We have conducted a search for ionized gas at 3.6 cm, using the Very Large Array, towards 31 Galactic intermediate- and high-mass clumps detected in previous millimeter continuum observations. In the 10 observed fields, 35 HII regions are identified, of which 20 are newly discovered. Many of the HII regions are multiply peaked indicating the presence of a cluster of massive stars. We find that the ionized gas tends to be associated towards the millimeter clumps; of the 31 millimeter clumps observed, 9 of these appear to be physically related to ionized gas, and a further 6 have ionized gas emission within 1. For clumps with associated ionized gas, the combined mass of the ionizing massive stars is compared to the clump masses to provide an estimate of the instantaneous star formation efficiency.
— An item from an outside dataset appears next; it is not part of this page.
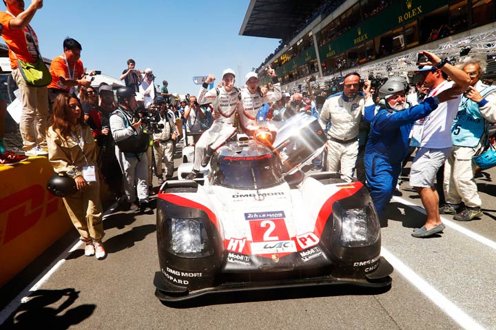 Porsche consiguió el tri en las 24 Horas de Le Mans. La triple corona consecutiva del 919 Hybrid en el Circuit de la Sarthe llegó tras una carrera dramática. A las 18:30 del sábado por la tarde, las 24 Horas de Le Mans parecían terminadas para el Porsche 919 Hybrid del alemán Timo Bernhard y los neozelandeses Earl Bamber y Brendon Hartley. Su auto se quedó sin tracción en el eje delantero, tuvo que entrar a los pits y los mecánicos estuvieron trabajando en él durante una hora y cinco minutos. Regresó a la pista en la posición 56, con 18 vueltas perdidas –unos 245 kilómetros atrás del líder– Pero la edición número 85 de la mítica prueba de resistencia francesa tuvo tal cantidad de cambios drásticos que lo imposible se hizo realidad al final: después de un esfuerzo enorme, el trío consiguió pasar de la penúltima posición a la victoria absoluta. Para Porsche, la marca que tiene el récord de triunfos en Le Mans, esta fue su victoria absoluta número 19 en la carrera de autos más dura del mundo.

These values range from a few percent to 25%, and have an average of 7 +/- 8%. We also find a correlation between the clump mass and the mass of the ionizing massive stars within it, which is consistent with a power law. This result is comparable to the prediction of star formation by competitive accretion that a power law relationship exists between the mass of the most massive star in a cluster and the total mass of the remaining stars.